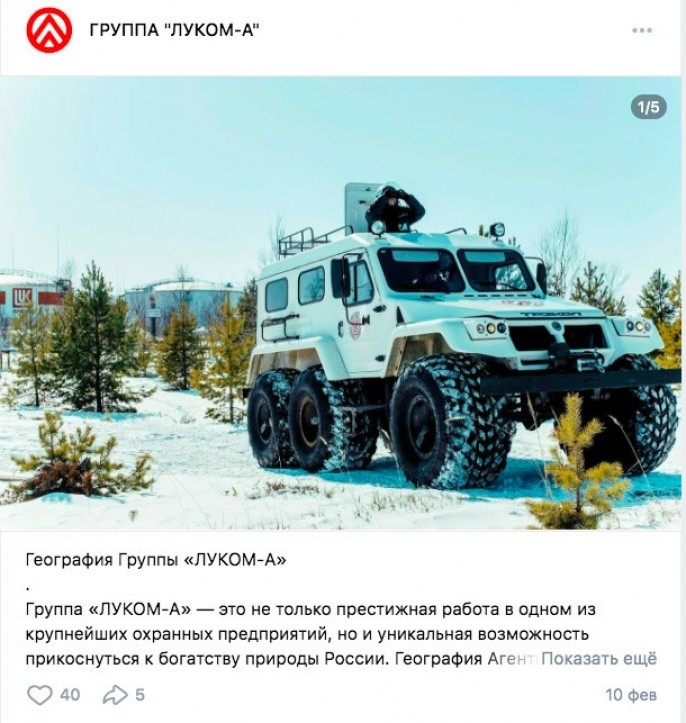 Первым гигантом ТЭКа, которому правительство разрешило создание корпоративной частной охранной организации, стал «ЛУКОЙЛ». Распоряжением Правительства Российской Федерации №3299-р от 2 ноября 2022 года «в соответствии с частью 1 статьи 9.2 федерального закона «О безопасности объектов топливно-энергетического комплекса» предоставить публичному акционерному обществу «Нефтяная компания "ЛУКОЙЛ"» право на учреждение частной охранной организации». У этой частной охранной организации «Луком-А» уже есть мощные джипы…
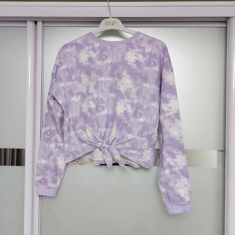 Стильний світшот на ніжному флісі. Спереді завязується на вузлик. Стан ідеальний. Заміри на фото. Розмір вказаний 13-14р,але маломірить. Орієнтуйтесь по замірах.
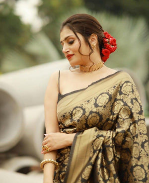 Banarasi Silk Saree with Intricate Zari Work, Unstitched Blouse Piece, Festive & Wedding Wear (Black)
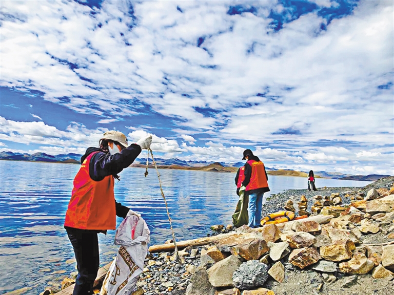 图为浪卡子县干部群众在清理羊湖沿岸垃圾。
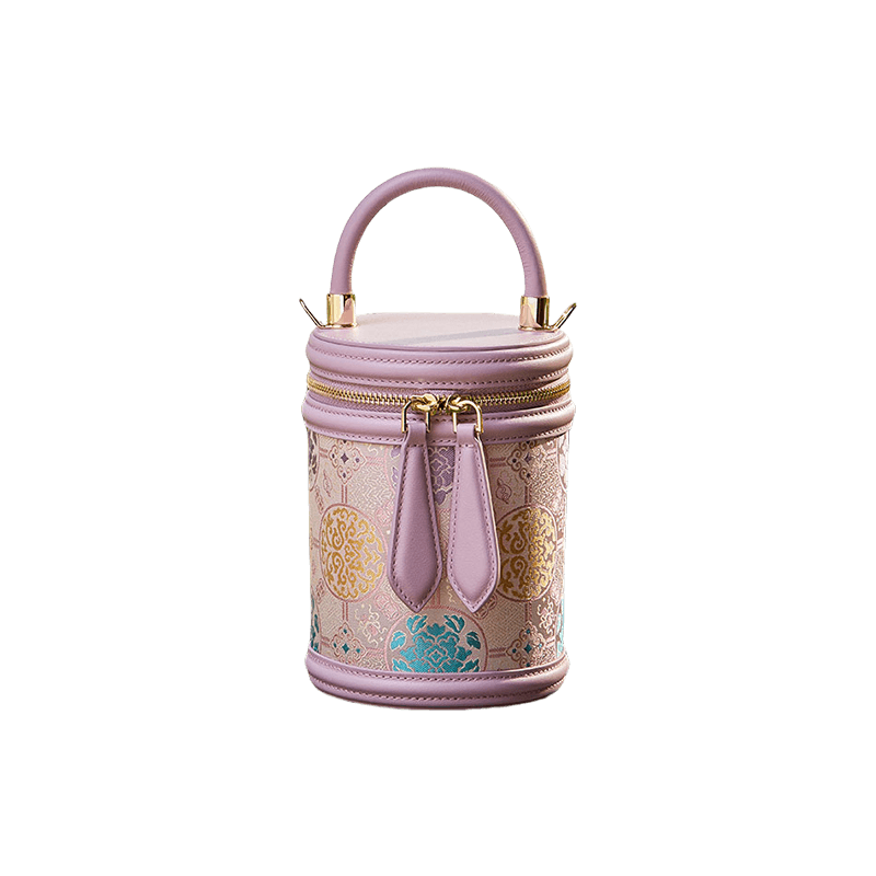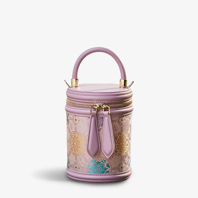 Song Brocade Leather Bucket Cylinder Bag
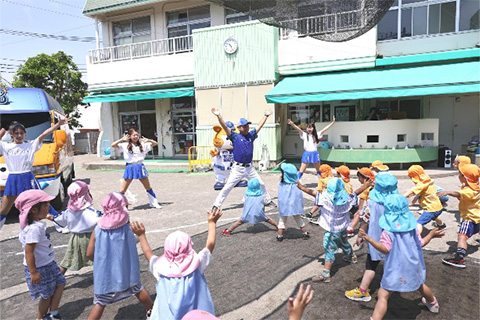 暑さに負けずに、DB.スターマンと一生懸命にダンスを踊る園児たちでした!
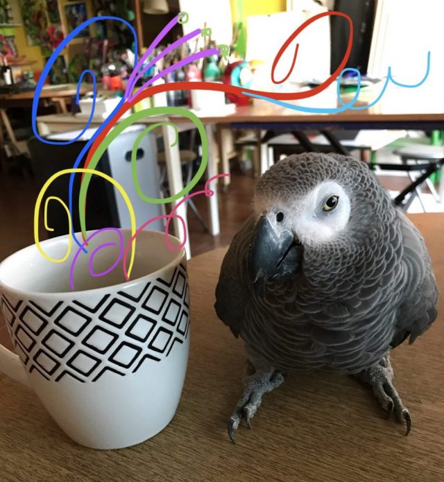 鼻歌まじりにオウムが現れた。温かいマグカップがいたく気に入った様子。すぐそばに寄り添い、ぶわっと丸く膨らむ(←ごきげんの印)。
───
PROBLEM DESCRIPTION: For the records above, output each one exactly and skip any image.

RESULT:
 Первым гигантом ТЭКа, которому правительство разрешило создание корпоративной частной охранной организации, стал «ЛУКОЙЛ». Распоряжением Правительства Российской Федерации №3299-р от 2 ноября 2022 года «в соответствии с частью 1 статьи 9.2 федерального закона «О безопасности объектов топливно-энергетического комплекса» предоставить публичному акционерному обществу «Нефтяная компания "ЛУКОЙЛ"» право на учреждение частной охранной организации». У этой частной охранной организации «Луком-А» уже есть мощные джипы…
 Стильний світшот на ніжному флісі. Спереді завязується на вузлик. Стан ідеальний. Заміри на фото. Розмір вказаний 13-14р,але маломірить. Орієнтуйтесь по замірах.
 Banarasi Silk Saree with Intricate Zari Work, Unstitched Blouse Piece, Festive & Wedding Wear (Black)
 图为浪卡子县干部群众在清理羊湖沿岸垃圾。
 Song Brocade Leather Bucket Cylinder Bag
 暑さに負けずに、DB.スターマンと一生懸命にダンスを踊る園児たちでした!
 鼻歌まじりにオウムが現れた。温かいマグカップがいたく気に入った様子。すぐそばに寄り添い、ぶわっと丸く膨らむ(←ごきげんの印)。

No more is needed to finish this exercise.